No two humans could have fought the way we did. We could not view all of our attackers all at once. They came from everywhere all at once but not in a coordinated attack that we might fight them in a systematic manner. We picked our targets on a most imperative basis, but it was all instinctual, autonomous and reflexive. We did not have time to think, to calculate. We had to act in the now. Their blades fell from every direction, and we fought them like the demented beings that we were.

This was a chaotic time and words unequal to the task of fully describing the events which occurred herein.  Even though I was a participant myself, I was purely acting and could not recount every blow that fell within the heat of that battle.
It was even to me little more than a blur of swinging blades, splashing black blood and Palag corpses piling up around us and Sonafi was now forced to remain at my back rather than moving freely at her will, but the corpses impeded the Palag as much as they did Sonafi and the tempo of the battle changed.

They piled up around us until our Palag attackers had to climb over their own dead to get at us, and then without warning the rest of the Vampires were among us.
Black suited and helmeted, within their inclusive Field Generation units, I had not been able to sense their approach- nor had the Palag. They had no hint that they had been encircled until the blades were falling upon them and they had nowhere to turn, every avenue blocked and the numbers overwhelmingly now against them.

Before it was too late, I singled out a Palag cut off and alone in the far corner of the room.  Suddenly without anyone to fight, it looked around wildly, seeking a way out; before it could act I leaped upon it, striking out at it with both blades, but tempering my attack to a velocity it could match.
As I attacked it with my steel, I sent a second attack, a telepathic attack, crashing against its unsuspecting mind.

Shocked, it tried to rebuff me, all of its concentration suddenly diverted to the siege laid to its mind and its weapon falling from nerveless fingers.
I could have chopped off its head, had I wanted, but I wanted control of its head, not its decapitation. I was more prepared this time. My experience with the Palag whose remains had etched the concrete just outside these walls had taught me all I needed to know and I slapped aside her defenses quickly and pulled myself into her mind.  It was a violation worse than any other imaginable and she fought with all her might.
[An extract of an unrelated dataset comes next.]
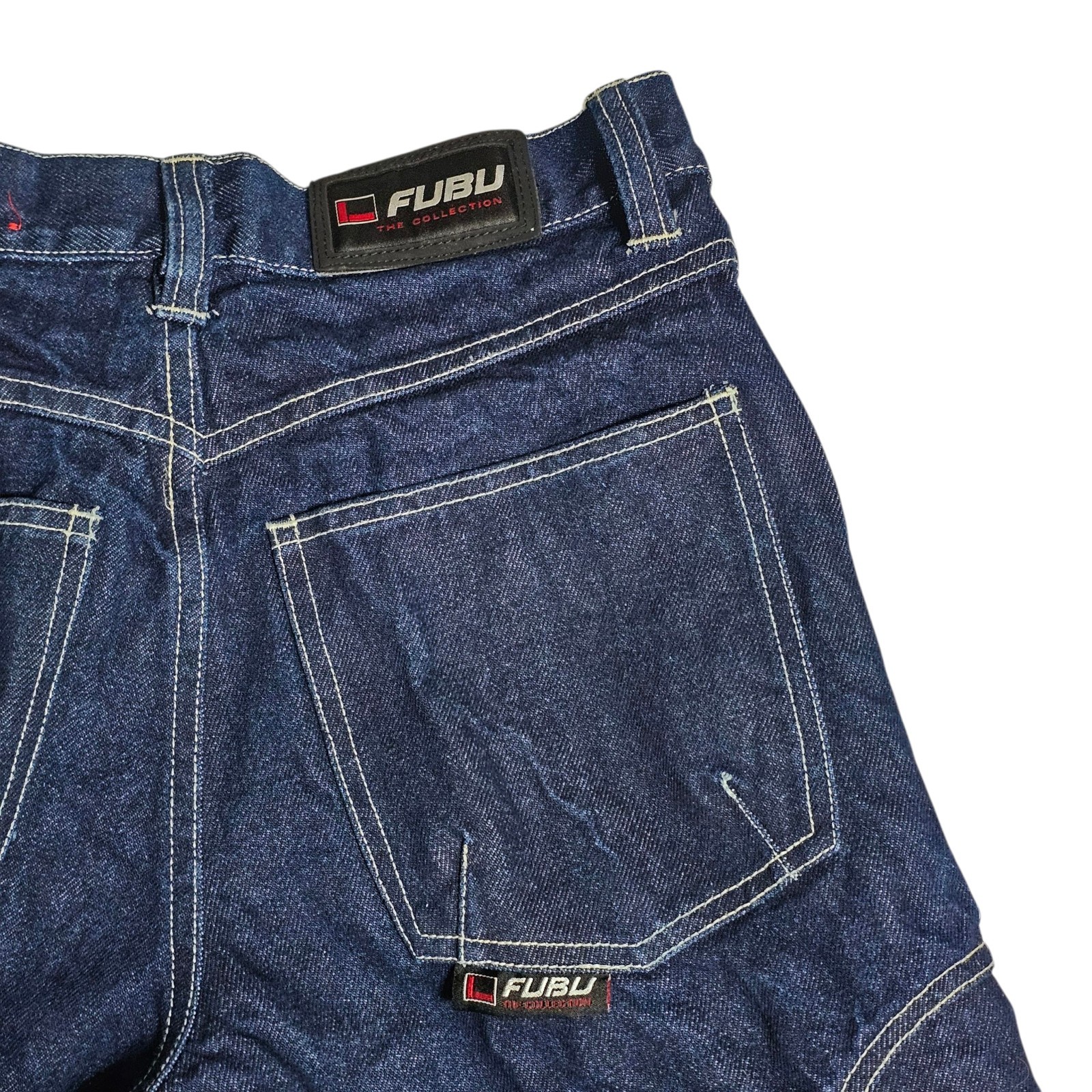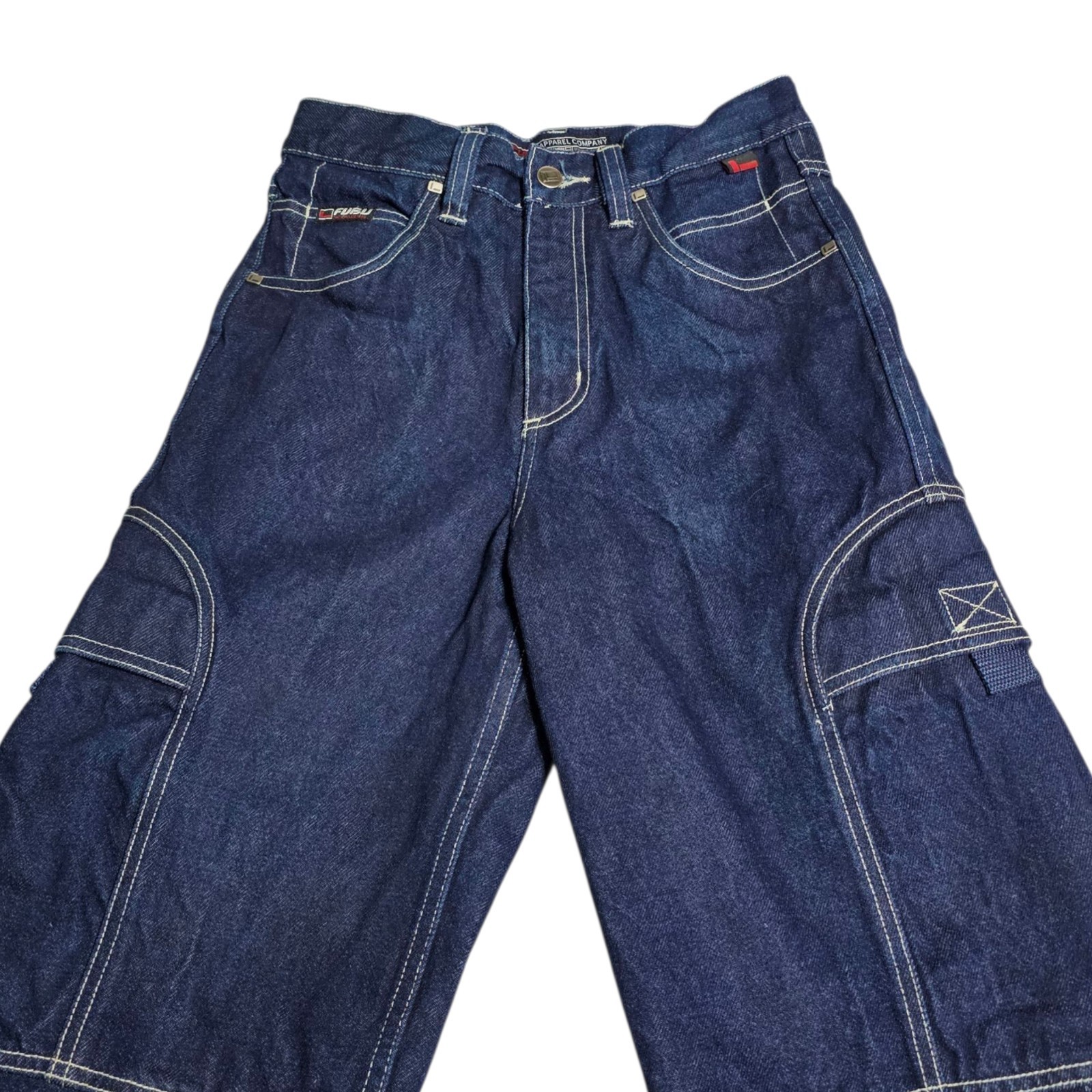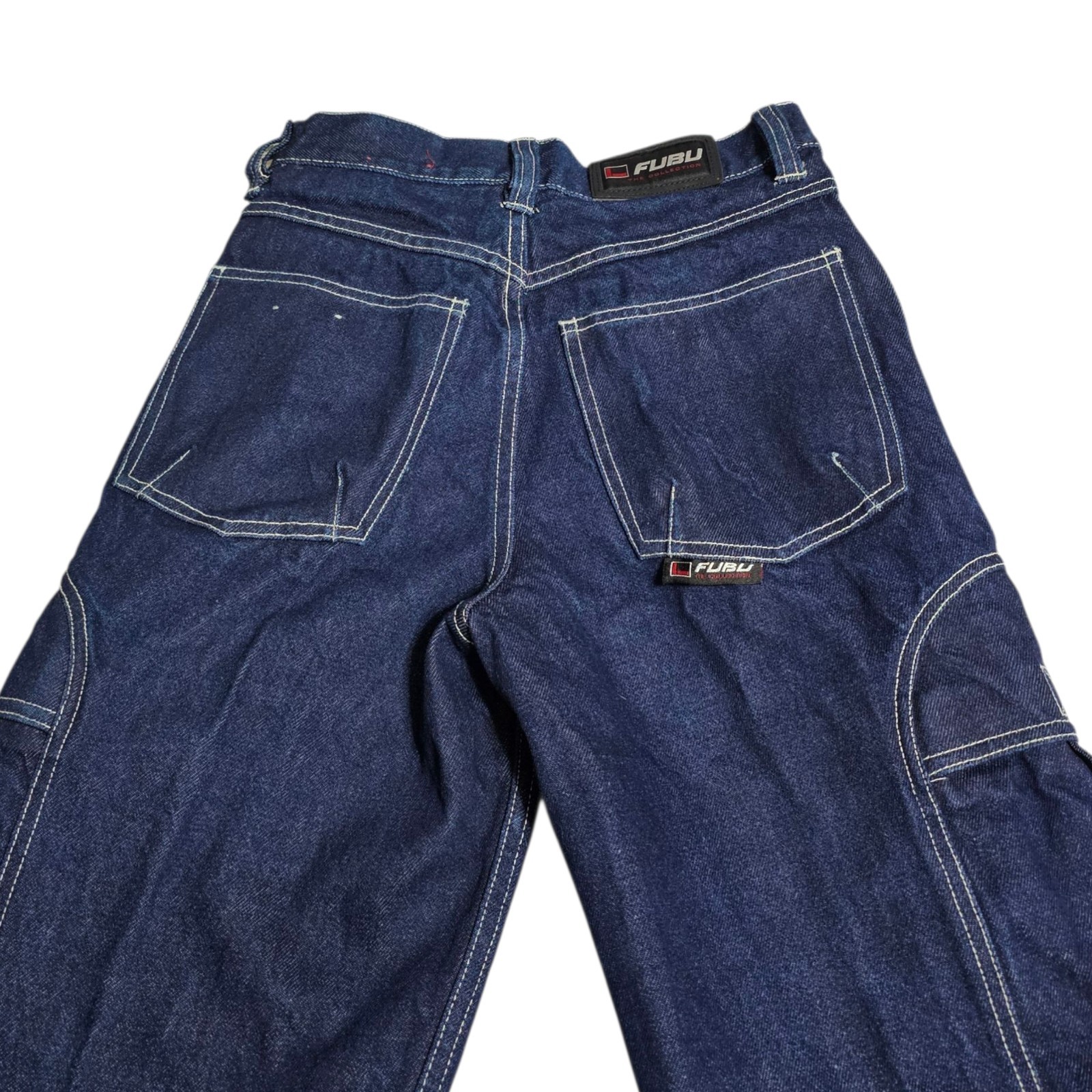 как выглядит Y2K FUBU Jeans Boys Sz 12 28x26 Wide Leg Cargo Baggy Grunge Dark Blue Denim Vtg фото

There was nothing she could do.
I had her. While I held her, the rest were slaughtered.

 

Chapter 28

 

The Palag was a clone and younger than Brid. This was what struck me first. A child, nearly a newborn, caught in a conflict not of her own making. The Palag were hardly different from Humans or Vampires, when all else was considered, this Palag caught in the same racial struggle as the rest of us.  The cause each species claimed may have been different, but she was stuck doing what she was ordered, what she thought they had to do and what Fate had dictated. Whatever her reasons, they had been forced upon her the same as we are now forced upon our own course.  She did as she must, the same as we, except that we are on different sides of the conflict.

I had supposed correctly.
The Explorers, I now saw that they called themselves, had created a large batch of Juveniles in an attempt to deal with what they saw as a rising insurrection among the aborigines of their colony world.